When I decided to publish my book, someone told me, “You should choose the fiction genre, no one will believe that many things can happen to one family.” It took fifteen years to transcribe my scribbles into my nonfiction book, The Unbreakable Cord.

 

My new blog, The Caregivers Ride, shares my experience of writing and the involvement of being a caregiver. You may wonder how the two are similar. Looking back, they seem the same, not the experience, but the fear, the questions, and the doubts. Stepping into the world of punctuation was as new to me as stepping into the world of caregiving.

 

Some of you are in the beginning stage of your novel, while others are writing the last chapter.
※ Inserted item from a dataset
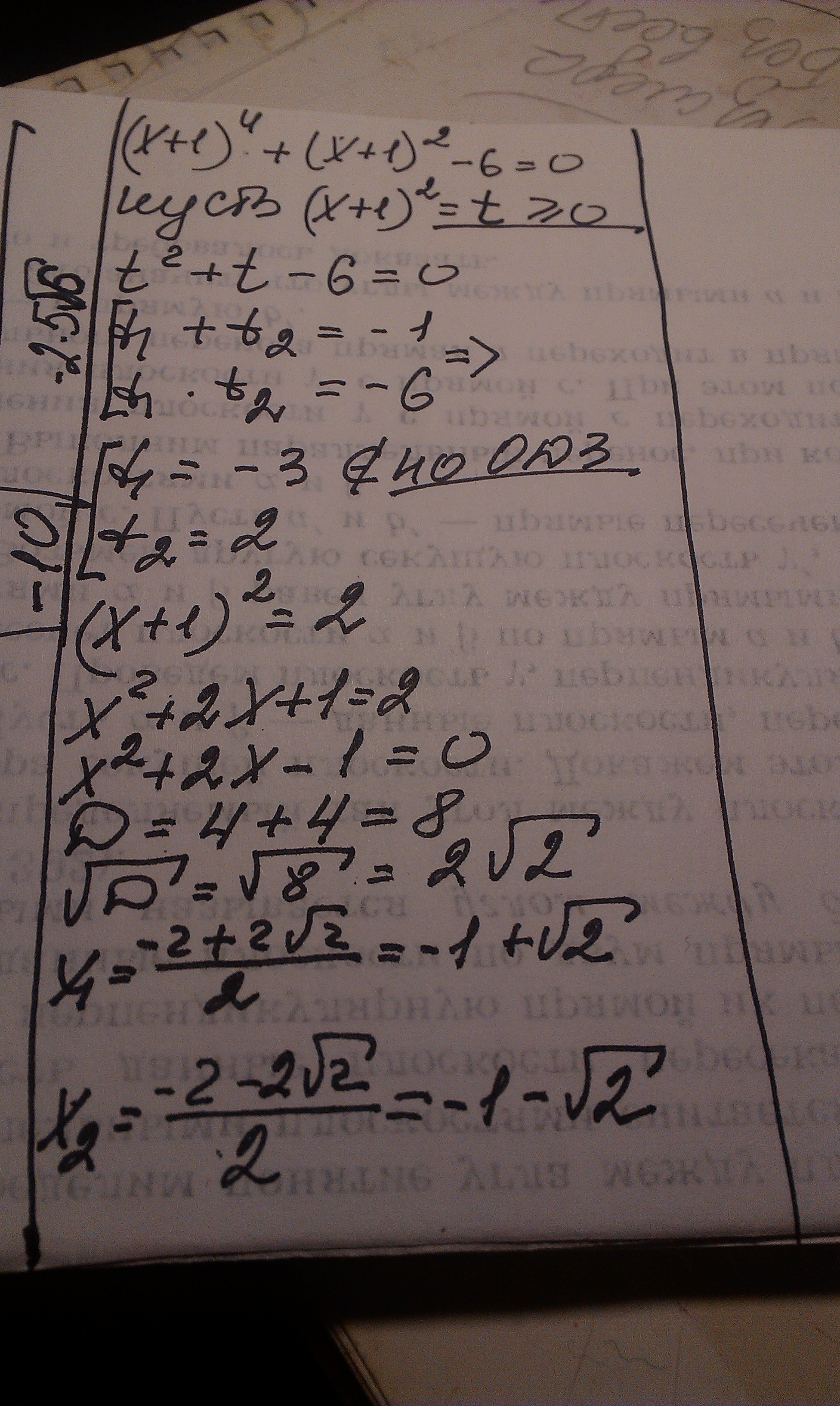 ( х + 1 )^4 + ( х + 1 )^2 - 6 = 0

Maybe you story is a short story. For others, their caregiving journey is a series, with one character leaving to only be replaced with another.

 

The main characters of my suspense book were a disabled brother, an injured daughter, and an ageing Mom. They danced and cried on the pages of my journal.

 

So, in this blog, I am using punctuation to ride through the caregiver’s heart. Punctuation marks tell the reader when to speed up, slow down, when to stop and even what to expect coming. I’ve blogged about the question mark; the exclamation point and the comma.

 

However, today, I am setting aside the punctuation marks and writing about how I chose my titles.

 

The title of my blog, The Caregivers ride, relates to my experience of caring for my disabled brother. A photo of my brother riding a bull hung in his room until his death. But my brother’s accident wasn’t from a bull ride but a bar fight. Maybe it was easier seeing a photo of a bull rider than a bar fight. Realizing life is a ride, no matter if you are learning the craft of writing or the skill of caregiving.

 

For my book, I had many working titles. but when I submitted my manuscript I reflected on the one consistent theme throughout the book. Hebrews 13:8, Jesus Christ is the same yesterday, today and forever.” His love is unbreakable. So, my new title, The Unbreakable Cord was born.

 

For me, the experience of caregiving and writing were the same. I could only do my best. I know for myself, focusing on one chapter or one doctor’s visit was all I could manage on some days. I surrounded myself with support groups both in the caregiving field and the writing field. I hired helpers and editors. As time passed, questions became less and I moved into each assignment with a little more confidence. However, the work didn’t stop.

 

My hope is no matter how many rejections notices come in your mail box or how life invades your space and you can’t find time to write the book trapped within, you will hold tight to the cord that never breaks.

 

I suggest using your appointment book as your journal. Use a punctuation mark or an emotion icon to note the feeling about that day, that doctors visit, that loneliness, that writers block. Then when you have five-minutes free time open your journal and expand your feelings. Write from the heart, journaling is a rough draft and is for your eyes only. Who knows maybe one day your scribbles will become a book.